Morning Jolt: Ending June with a Bang at NR

Dear Jolters,

June ends with a bang. But to your ears, it should end with the smooth sounds of Charlie Cooke and Kevin Williamson — now up on NRO (and iTunes et al.) is the latest episode of Mad Dogs and Englishmen, in which the Bearded Ones talk minimum-wage madness and much more.

You know, the vacationing Jim Geraghty has his own daily podcast, the long-running Three Martini Lunch, which you need to catch. Jim's days of catching rays will be coming to an end — he's back in the saddle here on Monday. Jim is a tolerant man, allowing me to muck around in his domain while he gets toasted on Southern beaches. Grazia.

Okay, let me send you off to the weekend with a few NRO reading suggestions:

Cruz Care. The Texas senator looms larger in the health-care debate. Tiana Lowe has the very interesting story. Here is a part:

Critics speculated that Cruz was merely bluffing when he publicly came out against the initial version of the BCRA along with Rand Paul, Mike Lee, and Ron Johnson — but then Cruz began passing out memos entitled "Path to 'Yes,'" which detailed the four concessions required from Senate majority leader Mitch McConnell to earn Cruz's vote. The most significant of those points, a consumer-freedom option allowing insurance companies to sell non-Obamacare-compliant plans so long as they sell at least one Obamacare-compliant plan as well, may actually be coming to fruition.

Attention NYC Haters. Kyle Smith give Mayor Bill de Blasio a kick in the big apples, and saves one for Governor Andrew Cuomo too.

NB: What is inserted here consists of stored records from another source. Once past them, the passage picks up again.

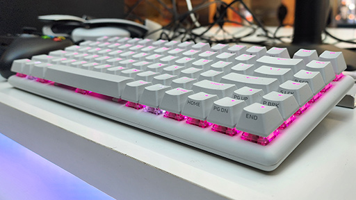 ゲーマー向けキーボードというと,いささかゴツい見た目の製品が多いなか,Alienware Proワイヤレス ゲーミング キーボードは,ボディ部分の側面が丸みを帯びた形状をしているのもポイントだ。いい意味でゲーマー向けらしからぬデザインと言えよう。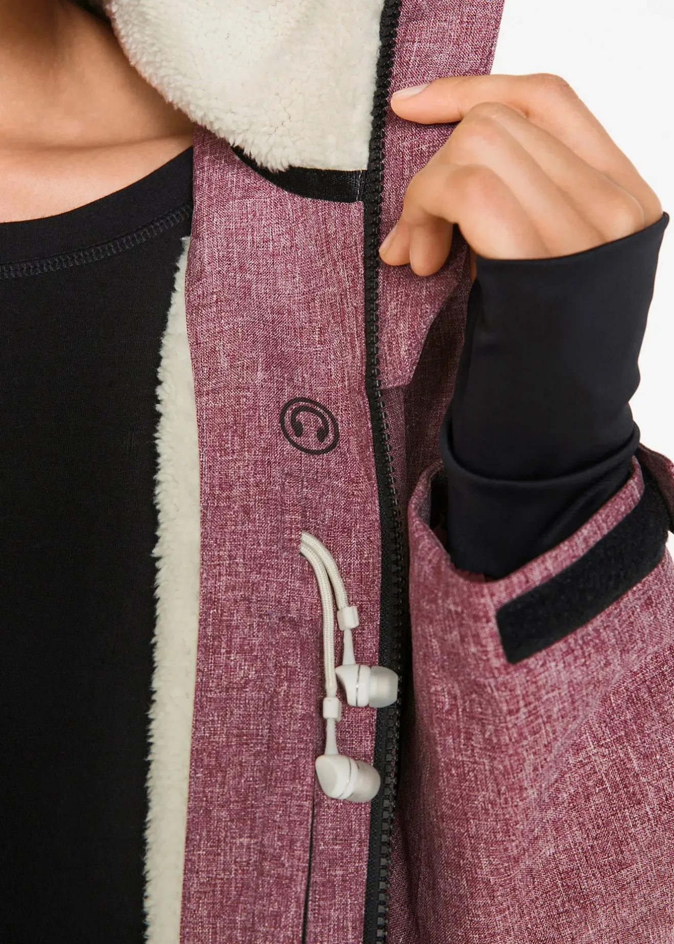 Capuche séparable, doublure en maille polaire style peluche, cordon coulissé à la base pour ajuster l’ampleur, poche intérieure avec passant pour câble d’écouteurs, plus longue au dos, long. env. 74 cm.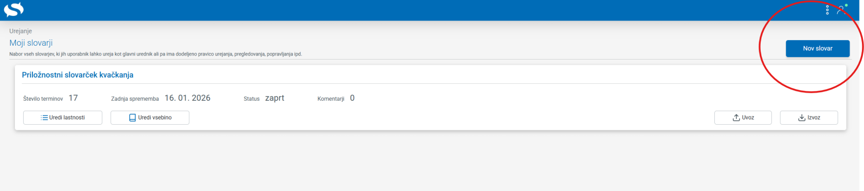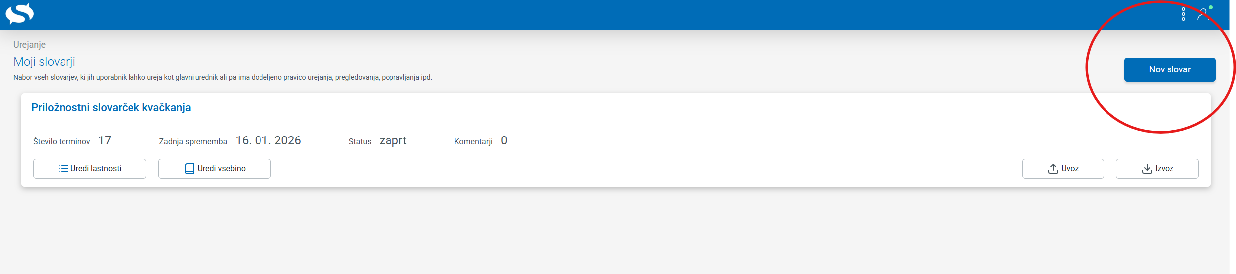 Za izdelavo novega slovarja v spustnem meniju izderemo zvihek Urejanje. V zgornjem desnem kotu kliknemo na gumb "Nov slovar".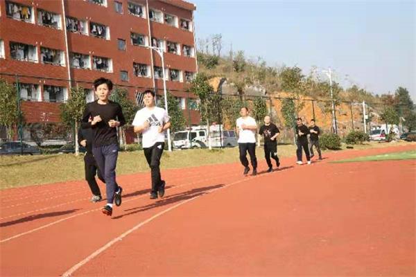 田径场上,当裁判员宣布体能训练开始时,参加跑步体能训练的全体辅警们,一个个飞离起点,奔向终点。高强度的长跑训练使他们喘不过气来,但大家个个精神抖擞,都发挥出不屈不挠、顽强拼搏的体育精神参加训练。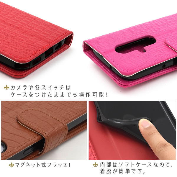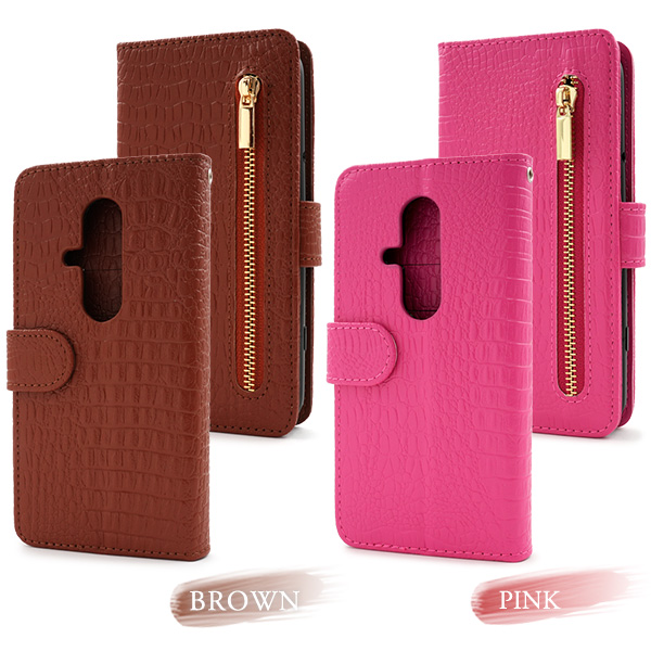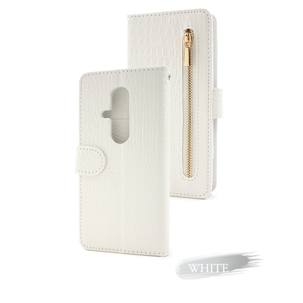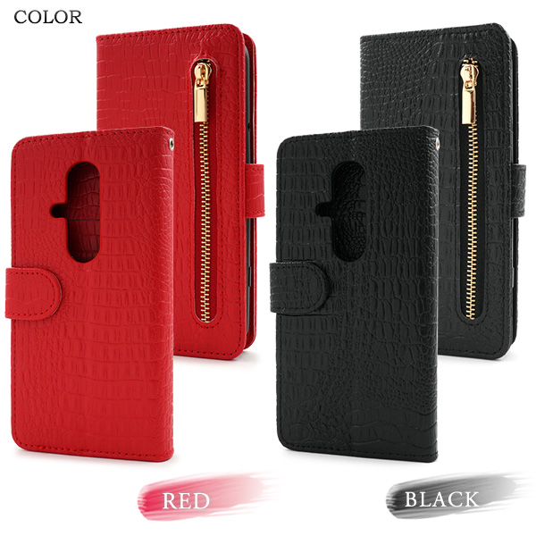 衝撃やキズなどからスマートフォンを守ります。 また、内部はソフトケースなので着脱が簡単です。 背面を折り返すとスタンドとして使用できるので、動画視聴に便利です。 横開きタイプなので、手帳のように使うことができます。 落下防止に最適なストラップホール付きです。 外側にファスナーポケットが付いているので、ちょっとした財布や小銭入れ代わりになって便利! また、内側に2つのカードポケットとサイドポケットが付いています。 高級感溢れるクロコダイルレザーデザイン。 ビジネスやカジュアルなど様々なシーンで活躍します。 | ||||||||||||||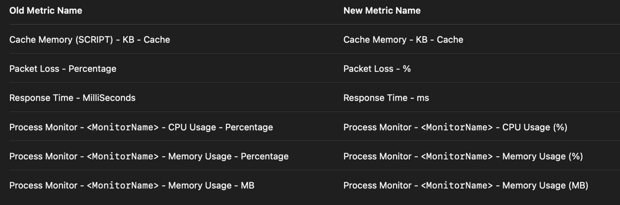 Example: A process monitor by the name "Process Monitor - VGAuthService - CPU Usage - Percentage" will be renamed as "Process Monitor - VGAuthService - CPU Usage (%)"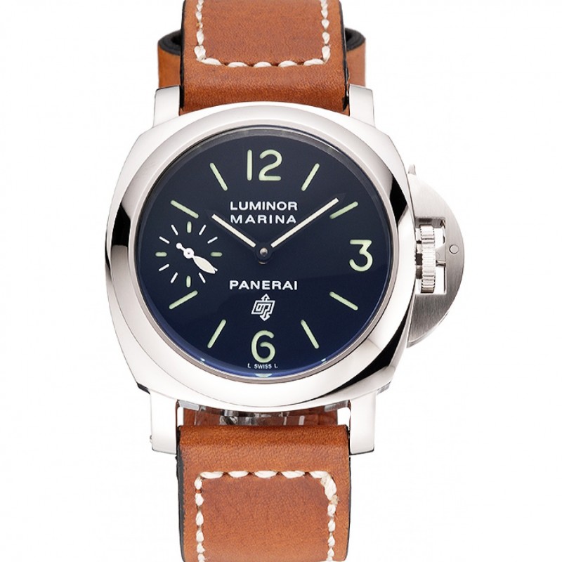 AAA Caso Panerai Luminor acero inoxidable cepillado Esfera Azul Correa de cuero marrón

Twump. Both Michael Brendan Dougherty and David French weigh in on the president's attack tweets against MSNBC's Mika Brzezinski.

Planned Parenthoodwink. Republican Senators Lisa Murkowski and Susan Collins are hell-bent on making sure that your tax dollars bankroll Planned Parenthood and seek to strip a ban from the Senate health-care bill. Alexandra DeSanctis has the story. And here's some of it:

The vast majority of the group's services are related to reproductive issues, not general health. Of the 9.5 million services Planned Parenthood self-reported for the 2015–16 fiscal year, not even 40,000 were family-practice services. In fact, the group treats significantly more urinary-tract infections in a year than it provides general health-care services.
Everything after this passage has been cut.